Rand Study Puts Lie to L.A. Traffic Policies

Critics of Los Angeles' failed efforts to relieve the nation's worst traffic congestion got help today from a Rand Corp. study that found there is only one effective way to make things better: Congestion pricing.

What a novel idea. Make the people who cause the problem pay for its solution.

Of course, that's the exact opposite of what the MTA and our local officials have put on the table with Measure R which would increase the sales tax for transportation from 1 percent to 1.5 percent to raise $40 billion to build the subway-to-the-sea and other massive freeway and mass transit projects years from now.

What the Rand researchers report is that congestion can be relieved significantly within five years by taking practical measures right now that have worked in major cities around the world

The 13 recommendations include such ideas as raising the cost of parking in congested areas,  imposing local gas taxes to fund programs.congestion pricing for driving in peak hours, region-wide bike paths, restricting parking on main thoroughfares, one-way streets, more HOV lanes.

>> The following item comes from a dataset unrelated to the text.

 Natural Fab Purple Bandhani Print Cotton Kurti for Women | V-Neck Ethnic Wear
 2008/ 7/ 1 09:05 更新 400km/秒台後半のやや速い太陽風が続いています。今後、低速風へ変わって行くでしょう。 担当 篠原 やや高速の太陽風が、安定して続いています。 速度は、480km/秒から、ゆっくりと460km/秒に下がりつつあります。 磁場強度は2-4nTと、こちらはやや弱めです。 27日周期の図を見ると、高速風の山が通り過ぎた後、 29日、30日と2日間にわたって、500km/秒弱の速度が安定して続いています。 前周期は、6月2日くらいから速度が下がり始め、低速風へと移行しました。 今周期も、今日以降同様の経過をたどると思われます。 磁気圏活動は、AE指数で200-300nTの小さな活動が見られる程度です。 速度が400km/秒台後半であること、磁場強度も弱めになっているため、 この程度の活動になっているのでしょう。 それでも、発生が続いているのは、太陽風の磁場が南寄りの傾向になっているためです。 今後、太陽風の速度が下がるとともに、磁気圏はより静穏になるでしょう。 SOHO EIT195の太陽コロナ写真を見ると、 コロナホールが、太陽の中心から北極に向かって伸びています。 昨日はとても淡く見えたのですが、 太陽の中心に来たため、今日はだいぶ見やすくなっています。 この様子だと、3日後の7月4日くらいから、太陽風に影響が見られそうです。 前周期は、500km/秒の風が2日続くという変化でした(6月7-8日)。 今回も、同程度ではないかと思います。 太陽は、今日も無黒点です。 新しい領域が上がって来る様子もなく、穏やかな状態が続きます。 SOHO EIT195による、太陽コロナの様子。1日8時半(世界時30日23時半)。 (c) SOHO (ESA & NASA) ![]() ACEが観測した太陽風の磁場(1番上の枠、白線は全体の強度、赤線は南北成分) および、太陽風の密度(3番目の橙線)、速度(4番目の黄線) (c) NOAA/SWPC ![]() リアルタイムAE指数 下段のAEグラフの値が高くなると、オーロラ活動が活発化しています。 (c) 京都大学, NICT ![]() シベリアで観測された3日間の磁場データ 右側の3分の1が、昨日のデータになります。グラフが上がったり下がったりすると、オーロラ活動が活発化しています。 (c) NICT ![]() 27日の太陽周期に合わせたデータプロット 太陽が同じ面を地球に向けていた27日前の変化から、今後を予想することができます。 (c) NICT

The study points out the futility of expanding freeways because even a modest reduction in congestion and travel times only encourages more people to drive. While it didn't directly look at mass transit solutions or the MTA's wish list of project on the November ballot, it says short-term solutions must rely on putting the cost burden on drivers to pressure them into changing their behavior.

This isn't good news for Mayor Antonio Villaraigosa's troubled effort to raise $10 million or so to overwhelm voters with mailers and TV ads promising the deliverance from gridlock if Measure R passes.